Linear SVC: a linear support vector classifier that maximises margin; often produces a cleaner separation than logistic regression.
Random Forest: an ensemble of decision trees (100 trees here). It performs poorly on very high‑dimensional sparse TF‑IDF features.
Gradient Boosting / XGBoost / LightGBM: sequential tree learners. LightGBM (leaf‑wise growth) was the top performer for our sparse text + metadata representations.
MLP (Multi‑Layer Perceptron): a basic neural network (single hidden layer of 128 neurons) — it struggled with 8,000‑dimensional TF‑IDF on CPU.
Ridge Regression / Huber Regressor: linear regressors with L2 and robust loss respectively; useful baselines for regression tasks.

Understanding the metrics

MAE (Mean Absolute Error): the average absolute difference between predicted and actual reaction counts. An MAE of 5.09 means the model is off by ~5 reactions on average.
F1 Score: the harmonic mean of precision and recall. Macro‑averaged F1 treats classes equally regardless of size.
AUC / ROC‑AUC: the probability the model ranks a random viral post above a random non‑viral post. AUC = 0.804 means ~80.4% chance of correct ranking.

Key concepts

Target leakage

Target leakage occurs when a feature encodes information about the target that wouldn't be available at prediction time. For example, reply_per_word contains reply counts observed after publication and artificially inflated our initial AUC (0.799 → 0.774 after removing the leak).

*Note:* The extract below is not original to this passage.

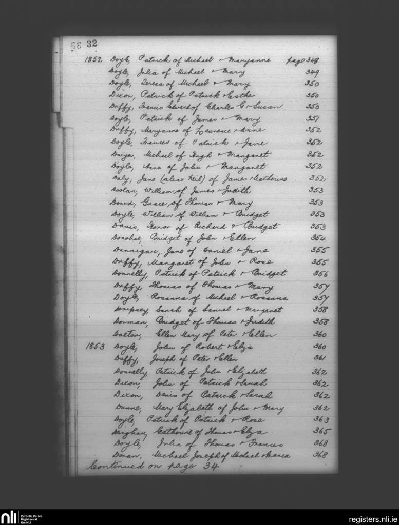 Booterstown; County of Dublin; Archdiocese of Dublin. Baptisms

Hyperparameter optimisation

We performed a randomized search (30 iterations) over eight LightGBM hyperparameters (tree depth, learning rate, estimators, subsample ratios, L1/L2 regularisation, min child samples). Default LightGBM gave AUC ≈ 0.796; after tuning we reached 0.804 with deeper trees and stronger regularisation.

Log transformation (`log1p`)

Long‑tailed reaction counts are compressible with log(reactions + 1). For example, 2 → ~1.1, 50 → ~3.9, 383 → ~5.9. Models predict in the compressed space and predictions are exponentiated back to the original scale. Box‑Cox is a generalisation that learns the optimal transformation from data.

Ablation study

Systematically removing feature groups showed TF‑IDF features were the most important signal. Temporal and stylistic metadata added moderate value; sentiment and category encodings contributed negligible marginal gain beyond the combined model.